[RLlib] Ray Out Of Memory Error

Hi, when I run training episodes by executing this script:

“python3 dqn_train.py dqn_example/dqn_config.yaml --name dqn --overwrite”

and using

Ray version: 1.1.0

Machine: intel core i7, GEFORCE RTX, 16 G RAM

OS: Ubuntu 20.04

I’m getting the below memory error. How can I fix it?
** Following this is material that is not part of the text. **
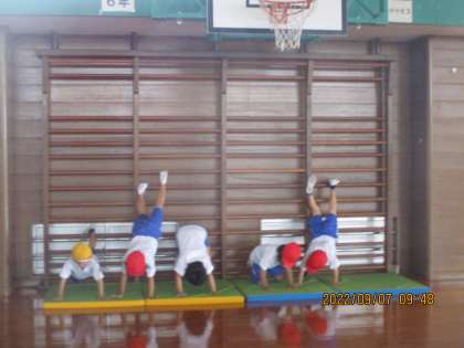1年生 体育科の学習 アスレチックワールド 公開日 2022/09/08 更新日 2022/09/08 1年生 1年生は体育館の肋木、平均台、リング、マット、跳び箱等の器具を使っていろいろな運動に挑戦できるサーキットコースをつくって遊んでいます。最初に先生が考えた基本のコースを改良して、自分たちがもっと楽しく遊べるようにどんどん変化させていきます。今日、自分たちでつくったコースに「アスレチックワールド」というすてきな名前を付けました。 次の体育の時間もとても楽しみにしています。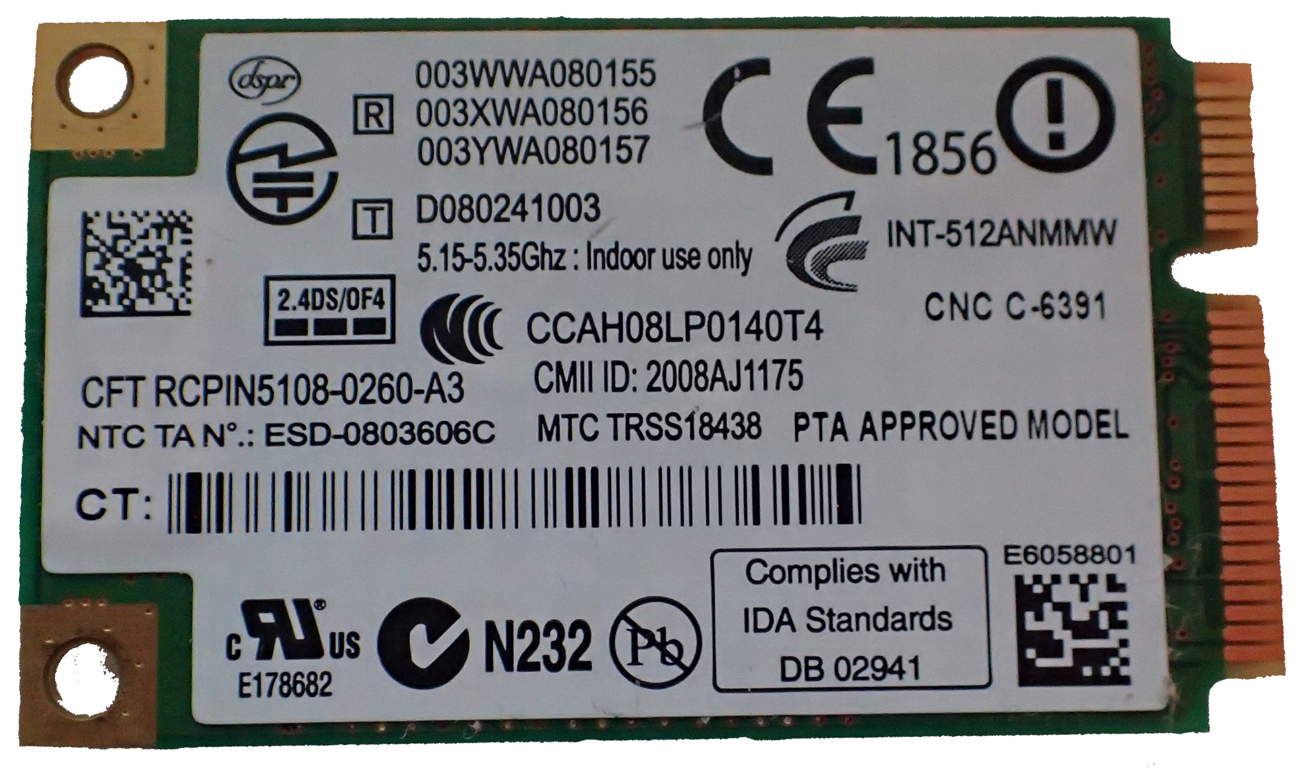 Оплачивая «Wi-Fi карта INTEL 5100 512AN_MMW 5,0 ГГц 300 Мбіт/с» данное изделие из «Kарты miniPCI, miniPCIe» вы можете быть уверены, что после оформления заказа, доставки в Украину, вы получите именно то, что заказывали, в оговоренные сроки и европейского качества.

ray.memory_monitor.RayOutOfMemoryError: More than 95% of the memory on node yesmina-HP-Pavilion-Gaming-Laptop-16-a0xxx is used (14.78 / 15.41 GB). The top 10 memory consumers are:

76444 5.42GiB ray::CustomDQNTrainer.train()
76449 2.57GiB ray::RolloutWorker
76675 1.52GiB /home/yesmina/CARLA_0.9.11/CarlaUE4/Binaries/Linux/CarlaUE4-Linux-Shipping CarlaUE4 -OpenGL -windowe
76283 1.42GiB /home/yesmina/CARLA_0.9.11/CarlaUE4/Binaries/Linux/CarlaUE4-Linux-Shipping CarlaUE4 -OpenGL
78287 0.25GiB /opt/google/chrome/chrome --type=renderer --field-trial-handle=8221191988494462348,12935930956483335
43045 0.16GiB /opt/google/chrome/chrome --type=gpu-process --field-trial-handle=8221191988494462348,12935930956483
2285 0.16GiB /usr/share/teams/teams --type=renderer --autoplay-policy=no-user-gesture-required --disable-backgrou
76358 0.14GiB python3 dqn_train.py dqn_example/dqn_config.yaml --name dqn --overwrite
5905 0.13GiB /opt/google/chrome/chrome
29591 0.13GiB /opt/google/chrome/chrome --type=renderer --field-trial-handle=8221191988494462348,12935930956483335

1 Like

Hey @Yasmina_Jaafra, thanks for posting this! Could you check the memory on your machine and the value of your DQN buffer_size config parameter (it’s 50000 by default)? Maybe you are just filling up the replay buffer with samples from the env and your machine cannot hold that many.
Also, what’s your observation space? If it’s a large (e.g. image-based) space, that’ll happen more easily.

1 Like

Thank you for your assistance. I have 16 Go of RAM. The buffer size parameter is set to 50000 and I am applying CNN to CARLA simulator. I reduced the buffer size and the problem was fixed. Is there an optimal value of this parameter?